I really appreciated your unique and surprising approach to the issue of climate change, that besides the obvious economic and social impact of the declining ecosystem, there is a spiritual dimension which too often takes a back seat.

YELLOW WETLANDS, oil on linen, 12" x 20", 2004. By Ron Gee.

YELLOW WETLANDS, oil on linen, 12″ x 20″, 2004. By Ron Gee.

Because the problems are so seemingly insurmountable, it is easy to allow fear and cynicism to paralyze us into inaction and acceptance. I think you are right to remind us of values such as interconnectedness, empathy and beauty which draw upon other internal resources that can give us the strength and resolve to change. I think of plants. They do not grow away from darkness, rather they reach their tendrils, branches, and leaves toward the light.
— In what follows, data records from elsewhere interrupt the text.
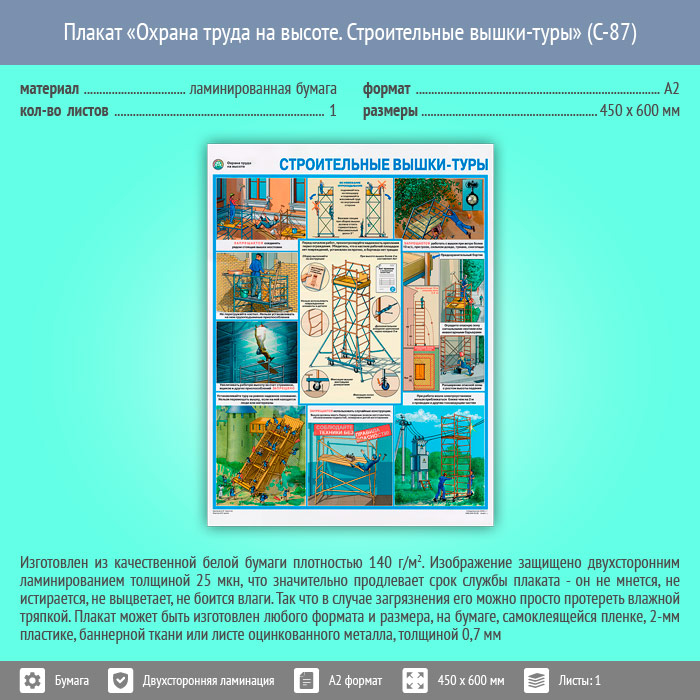 Плакат «Охрана труда на высоте. Строительные вышки-туры» (С-87, ламинированная бумага, А2, 1 лист) в Ижевске купить
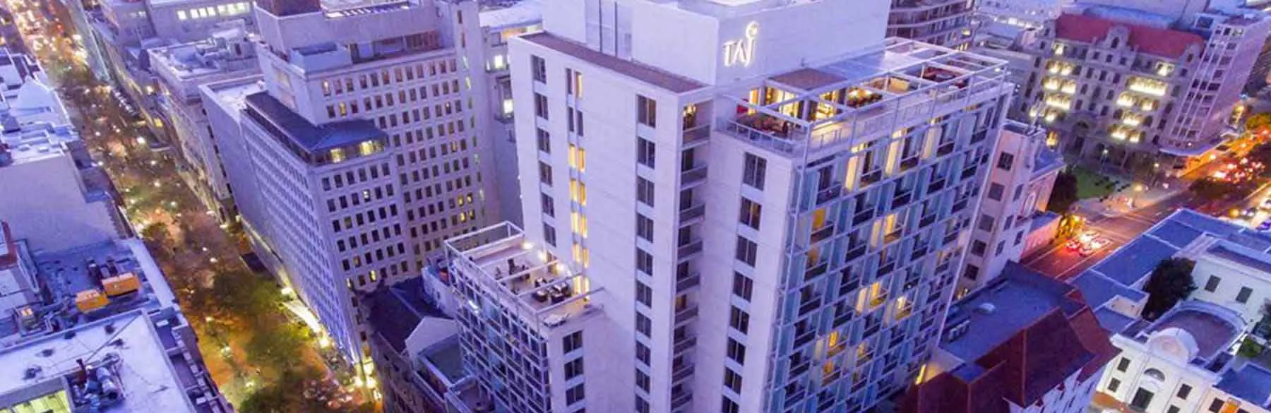 The Taj Cape Town Hotel is located in Cape Town, South Africa, Slave Lodge, St. George's Cathedral and Groote Kerk they all are just 100 feet away from the Hotel, South Africa Library, Houses of Parliament and Old Town House they all are just 200 meters from the Hotel, Cape Town City Hall and Company Gardens they both are 400 meters from the Hotel and Hotel is only 17 kilometers away from the Cape Town International Airport (CPT).
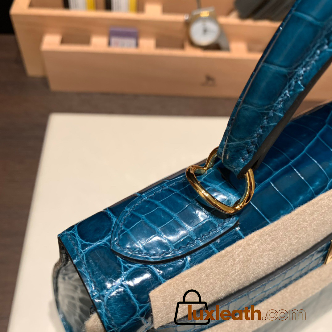 Hermes Kelly 28CM Crocodile Niloticus W0 /Vert Bosphore GoldHardware    FullHandmade 010

The example of Chinese landscape painting was nicely woven into the narrative. These works remind us that humans do not dominate nature, rather, it is the other way around, and if we choose to live out of harmony then we are bound to suffer as a natural rebalancing occurs. And as the professor at UVM said, the mystery of the faint peaks in the distant realm is a reminder that we cannot know all. Humbleness.

I can understand now what you meant when you said this project was your major statement. I hope The Wisdom to Survive gets the broad viewing and attention it deserves.